The trap: a collapsed encoder fakes invariance. So read cross-view closeness with diversity.
| cross-view | eff-rank | |
|---|---|---|
| Raw | view-variant | 396 |
| DINO | invariant* | 33* |
| Force-JEPA | invariant | 61 |
*DINO collapses (uniformity≈0) — fake invariance. Force-JEPA sits in the good corner; CKA vs raw ≈ 0.01 (orthogonal).
| regime | winner | signal |
|---|---|---|
| contact event (H1) | feasible ✓ | clean force → F1 0.87 |
| in-distribution force | frozen V-JEPA + TCN | REASSEMBLE lift +0.34 |
| unseen camera | force-augment SSL | F1 0.28 → 0.70 |
| cross-dataset direction | force-augment (UDA) | cos 0.40 → 0.85 |
| cross-robot (H3) | open | major room |
Contact works, direction is partial, cross-robot stays open — here's how we attack it next.
Push cross-dataset transfer further — and stop testing only on public data. Bring in in-house lab recordings as both new held-out domains and training sources.
Cross-domain transfer (H3) is the standing open problem.
Extend force recovery beyond a single gripper toward dexterous manipulation. Sourcing FEEL and an Origami dataset now.
Early — a direction, not a result.
Pool everything together and train jointly. Hypothesis: does scale unlock the generalization per-dataset training couldn't?
A hypothesis to test — not a proven result.
SSL only helped under severe-but-bridgeable gaps — so the bar is generalization we can prove, not hope for.
Combined corpus is roughly Sparsh-scale:
| F/T data | ~178 h |
| Rollouts | ~16.7k |
| Samples @10 Hz | ~6.4M |
| Sparsh (tactile imgs) | ~462k |
Unproven: does pooling all datasets unlock cross-robot generalization?
These are the directions the next chapter's funding & startup plan has to resource.

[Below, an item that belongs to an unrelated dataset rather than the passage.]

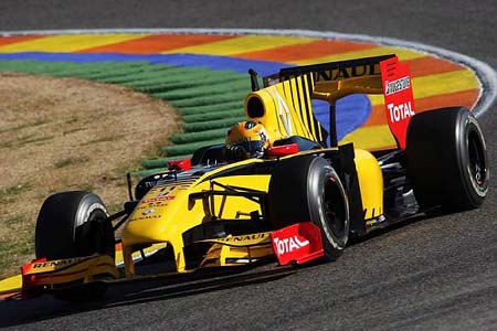 Τον τελευταίο χρόνο της ημέρας σημείωσε ο Robert Kubica (ο οποίος είχε καινούργια χρώματα στο κράνος του, αρμοστά με το βάψιμο της Renault), στο τιμόνι της R30, η οποία έφερε καινούργιες αεροτομές εμπρός και πίσω (αν και το ρύγχος παρέμεινε το περυσινό). Ο Πολωνός οδηγός, έπειτα από τους αρχικούς ελέγχους συστημάτων και την εξοικείωση με τα καινούργια ελαστικά, πειραματίστηκε μαζί με τους μηχανικούς του με την κατανομή βαρών και την παρακολούθηση της φθοράς των φρένων. Ο Kubica δήλωσε ότι η ημέρα πήγε καλά και ότι δεν υπήρξαν προβλήματα. Αύριο θα ξεκινήσει τη δουλειά επάνω στο ζύγισμα του μονοθεσίου. Ο 25χρονος πιστεύει ότι είναι πολύ εύκολο ο οδηγός να υποπέσει στο λάθος να υπερφορτώσει τα καινούργια εμπρός ελαστικά τα οποία κρίνει ότι κάνουν τα μονοθέσια πιο υποστροφικά στις γρήγορες στροφές. Ο Kubica δήλωσε ότι η R30 είναι εύκολη στην οδήγησή της, αλλά παραδέχθηκε ότι θα πρέπει να αλλάξει κάποια πράγματα στο στιλ οδήγησής του από αυτά που έχει συνηθίσει, ωστόσο υπάρχει αυτοπεποίθηση στη συμπεριφορά του μονοθεσίου και ο Πολωνός βρήκε μερικά πολύ θετικά στοιχεία στο πακέτο, γεγονός που κάνει τη ζωή του πιο εύκολη. Η Renault δεν ενθουσίασε με τους χρόνους της, αλλά ο Kubica δήλωσε ότι δεν τον ενδιαφέρουν οι χρόνοι, καθώς σήμερα η ομάδα δεν έδινε σημασία στο χρονόμετρο, αφού οι προτεραιότητές της ήταν εντελώς διαφορετικές. Ο Πολωνός δήλωσε ότι δεν έχει οδηγήσει ξανά στη ζωή του με τόσα καύσιμα στο ρεζερβουάρ και προσέθεσε πως υπάρχουν μερικές τροποποιήσεις που πρέπει να γίνουν. Θα πρέπει να βρεθεί ο συμβιβασμός μεταξύ των πραγμάτων που έχει συνηθίσει ο ίδιος και αυτών που εφαρμόζει η ομάδα. Ο Kubica θα οδηγήσει την R30 και αύριο, ενώ την Τετάρτη ο Vitaly Petrov θα κάνει μαζί της το ντεμπούτο του πίσω από το τιμόνι ενός μονοθεσίου Formula 1.
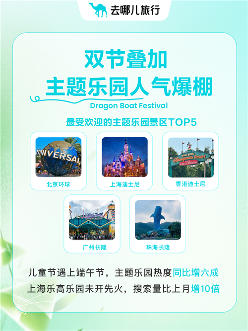 今年端午恰逢六一兒童節(jié),雙節(jié)疊加拉動(dòng)親子游火熱。去哪兒旅行大數(shù)據(jù)顯示,主題樂園景區(qū)在這個(gè)端午小長假最受歡迎,預(yù)訂量同比增六成。

Video-only force recovery doesn't fully work yet — contact & magnitude land, direction & cross-robot don't. Now: who funds closing the gap.

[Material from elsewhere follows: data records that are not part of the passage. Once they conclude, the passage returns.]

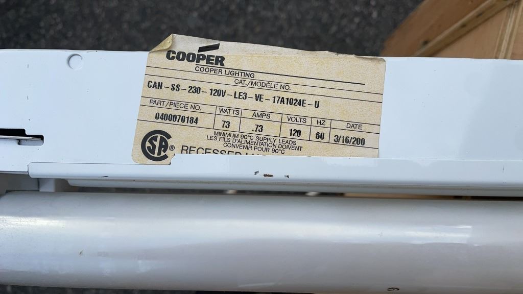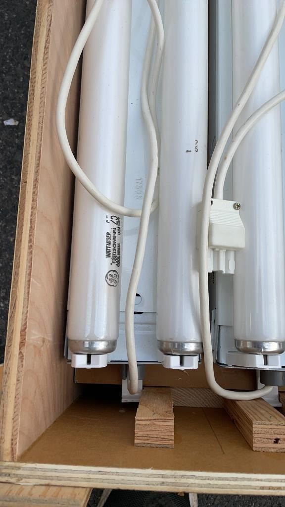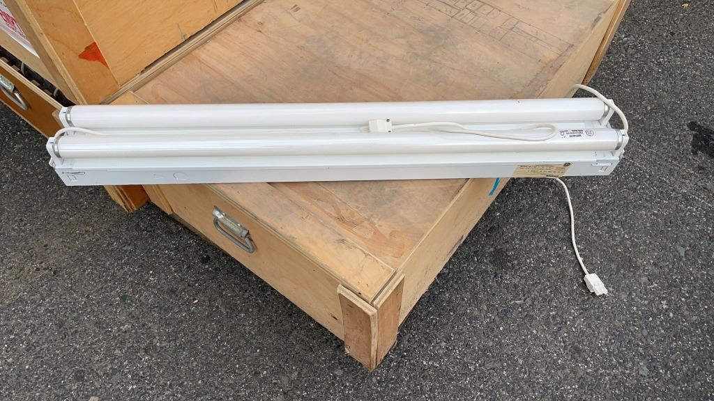 WOOD CRATE OF 10 DOUBLE LIGHT FIXTURES WITH BULBS 3FT LONG
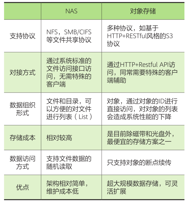 表:NAS和对象存储技术对比
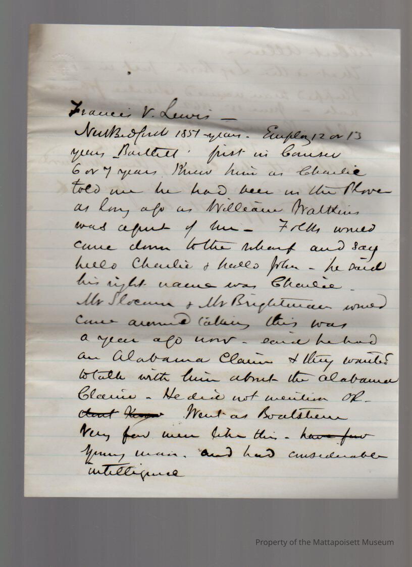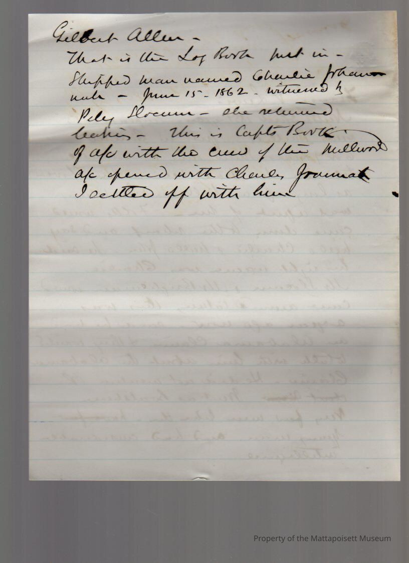 Handwritten notes, probably by Lemuel LeBaron Holmes, conversations with Francis B. Lewis and Gilbert Allen.Collection

Three tracks — compute, grant, startup — built on a promising but incomplete result.
Inception-style ask: GPUs.
We already hold a Sparsh-scale dataset and baselines showing video→force works.
Sparsh trained on 8×A100 — exactly what NVIDIA can provide.
The one missing ingredient to scale is compute — not data, not a result.
Ask = 8×A100 (Sparsh-equivalent).
We have shown a proof-of-concept for the force-prediction task.
Plan: apply to the bilateral program and continue this direction.
Open governance question: does running a startup conflict with or interfere with the academic grant?
Unresolved — flag, not a blocker.
Thesis: dexterous force-data recovery for data factories.
Recover the missing force modality from vision-only manipulation data, then sell it to data-collection / robot-learning companies.
Must-prove dependency: force data actually improves downstream training — no proof, no demand.
Contact gate = debounce(‖F‖ > τ, N). The cached-feature pipeline behind the published numbers already uses raw N=1 (no debounce); the N=5 rule lived only in a legacy label path. We swept N ∈ {1,3,5} over the train-target and eval-GT independently; the matched diagonal (train-N = eval-N) is shown.
| dataset | N=1 | N=3 | N=5 |
|---|---|---|---|
| REASSEMBLE | 0.887 | 0.891 | 0.888 |
| FMB | 0.777 | 0.778 | 0.751 |
| RH20T* | 0.551 | 0.553 | — |
*single τ / capped / per-robot — confounded
No contact-F1 gain from the debounce on any dataset → keep N=1. Each model peaks on its own eval-N, but the matched diagonal is flat — the rule only changes what counts as a contact, not how well it’s predicted.